§ **Exercise**
Transcribe the entries exactly. Omit the pictures.

== Dataset excerpts ==

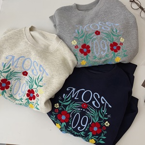 早秋植物刺绣韩系简约休闲百搭卫衣女宽松休闲百搭上衣女外套潮
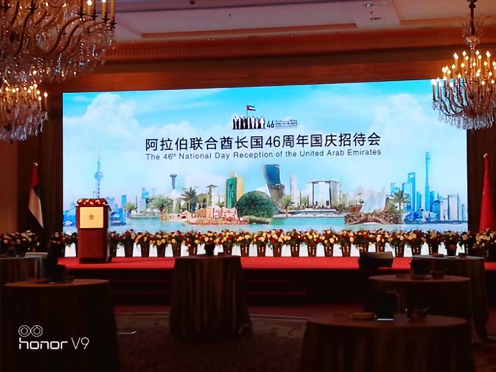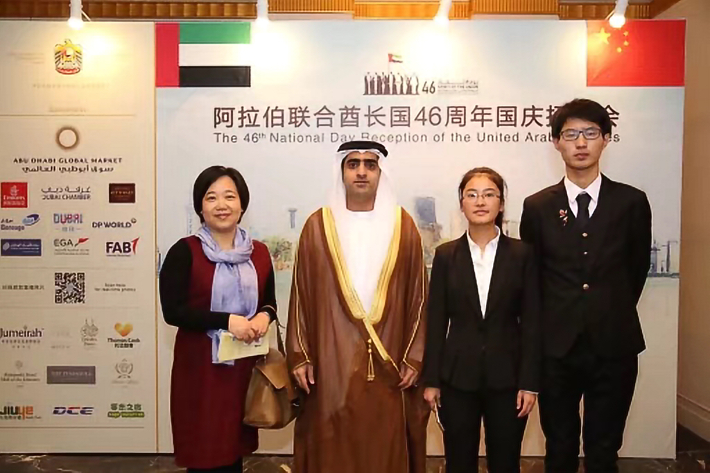 阿拉伯联合酋长国46周年国庆招待会于11月29日在上海半岛酒店召开,此次招待会由阿联酋驻上海总领事馆承办,旨在加强中阿合作与交流,增进两国友好往来关系。国产自拍 阿拉伯语系主任周玲老师携阿语1701学生徐笑、马热哈麦出席招待会进行对外国际交流。
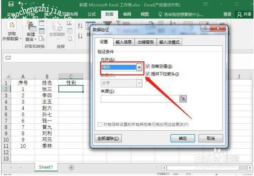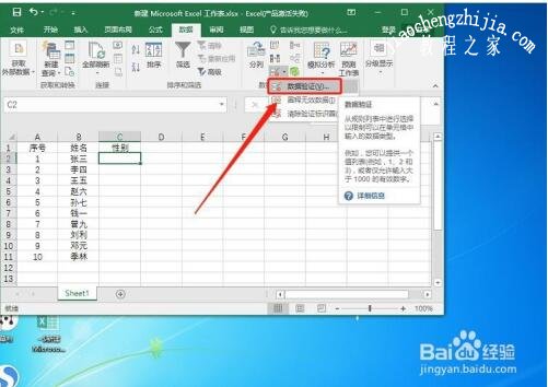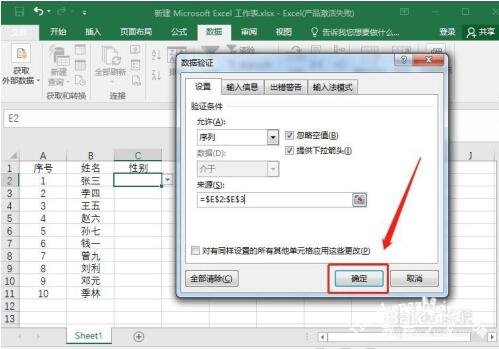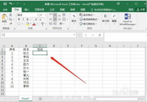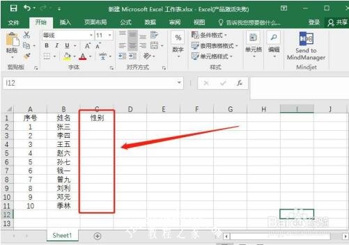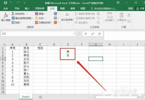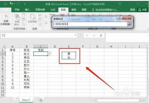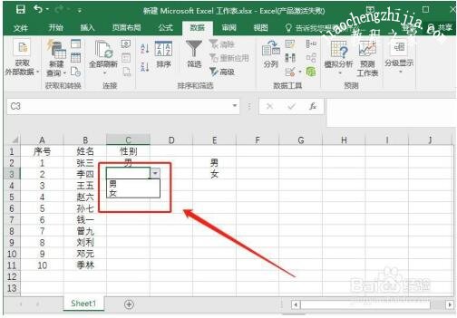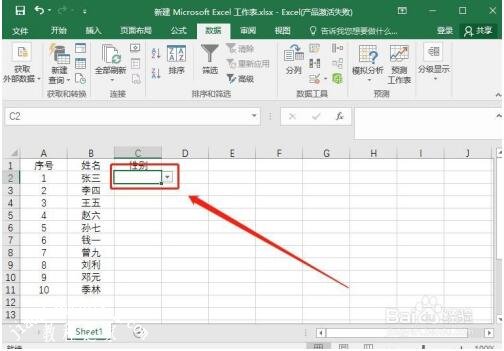 输入数据如图,接下来给性别这一列设置下拉菜单,选项为男或者女。
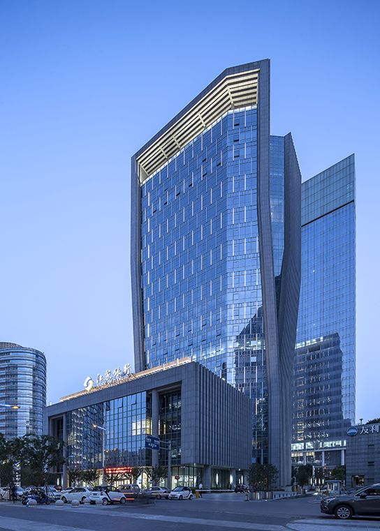 征,以符合當(dāng)?shù)靥厣慕ㄖ螒B(tài)和立面設(shè)計(jì)。設(shè)計(jì)受江蘇銀行行徽的啟發(fā),突破周邊方盒子式的高層建筑群的傳統(tǒng)造型,建筑形體通過(guò)兩個(gè)“J”形體量旋轉(zhuǎn)生成,兩個(gè)體量互相環(huán)抱、不斷攀升,象征著企業(yè)蒸蒸日上的積極形象。
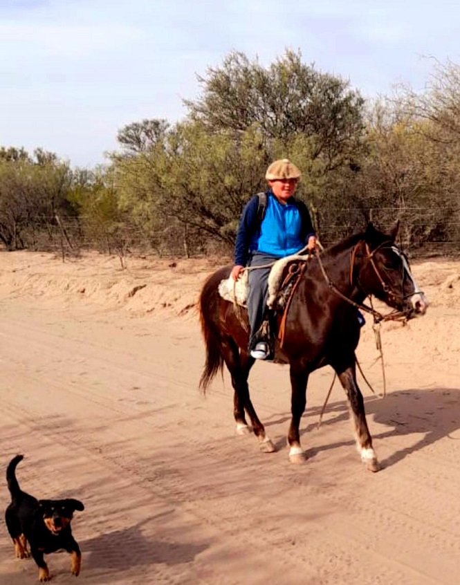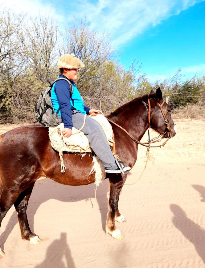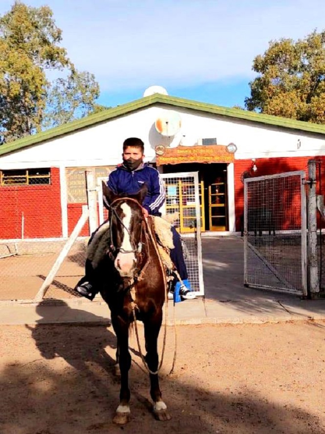 Montado a su fiel amiga “Carnavalera”, su compañera de cuatro patas, recorre senderos y huellas para poder estudiar. Son diez kilómetros que lo separan desde su casa ubicada en el puesto El Zanjón de la Estancia Don Doménico hasta llegar a su amada escuela, donde todos conocen su historia y es recibido por sus amigos y docentes.
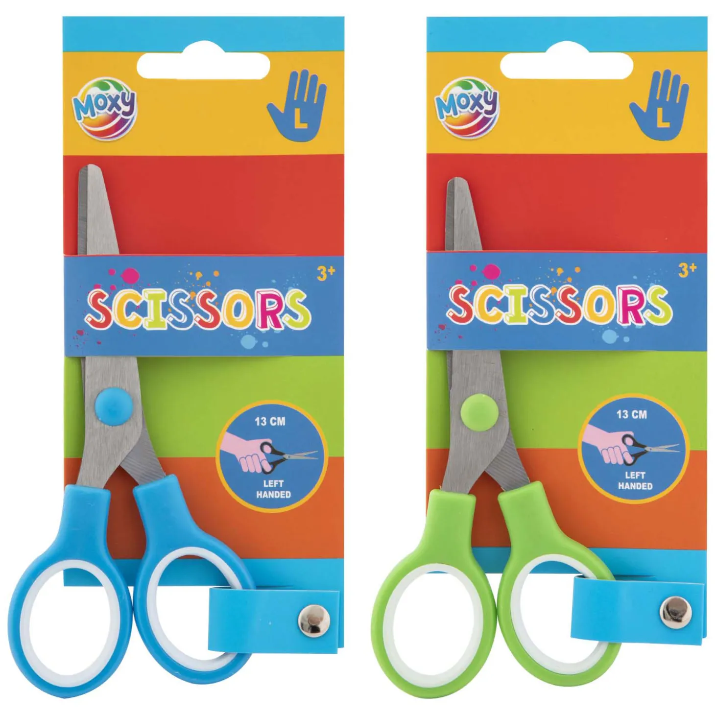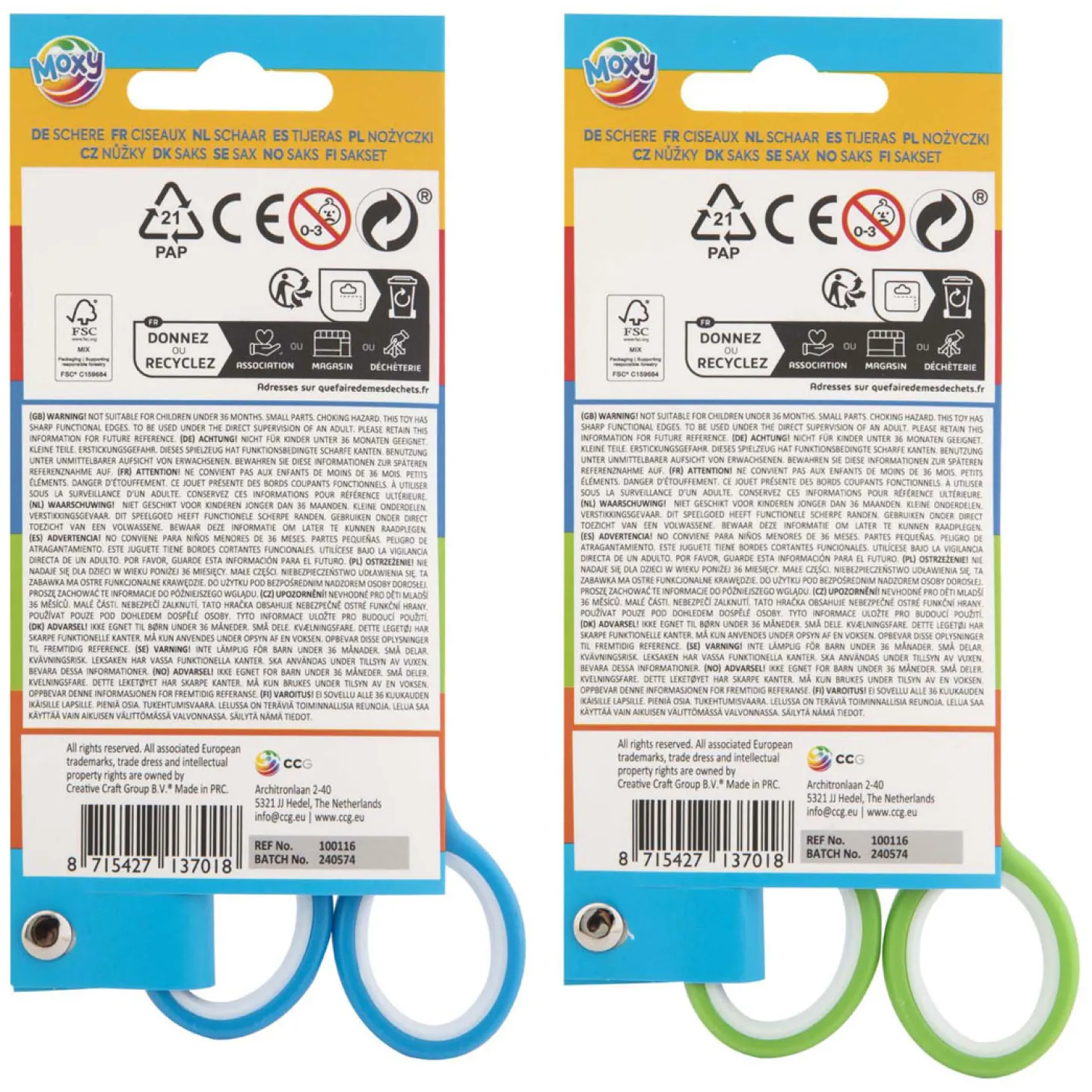 De schaar is 13 cm lang en niet geschikt voor kinderen onder de 3 jaar.Prijs per stuk, verschillende uitvoeringen/kleuren worden door elkaar geleverd.

===

§ **Exercise output**
 早秋植物刺绣韩系简约休闲百搭卫衣女宽松休闲百搭上衣女外套潮
 阿拉伯联合酋长国46周年国庆招待会于11月29日在上海半岛酒店召开,此次招待会由阿联酋驻上海总领事馆承办,旨在加强中阿合作与交流,增进两国友好往来关系。国产自拍 阿拉伯语系主任周玲老师携阿语1701学生徐笑、马热哈麦出席招待会进行对外国际交流。
 输入数据如图,接下来给性别这一列设置下拉菜单,选项为男或者女。
 征,以符合當(dāng)?shù)靥厣慕ㄖ螒B(tài)和立面設(shè)計(jì)。設(shè)計(jì)受江蘇銀行行徽的啟發(fā),突破周邊方盒子式的高層建筑群的傳統(tǒng)造型,建筑形體通過(guò)兩個(gè)“J”形體量旋轉(zhuǎn)生成,兩個(gè)體量互相環(huán)抱、不斷攀升,象征著企業(yè)蒸蒸日上的積極形象。
 Montado a su fiel amiga “Carnavalera”, su compañera de cuatro patas, recorre senderos y huellas para poder estudiar. Son diez kilómetros que lo separan desde su casa ubicada en el puesto El Zanjón de la Estancia Don Doménico hasta llegar a su amada escuela, donde todos conocen su historia y es recibido por sus amigos y docentes.
 De schaar is 13 cm lang en niet geschikt voor kinderen onder de 3 jaar.Prijs per stuk, verschillende uitvoeringen/kleuren worden door elkaar geleverd.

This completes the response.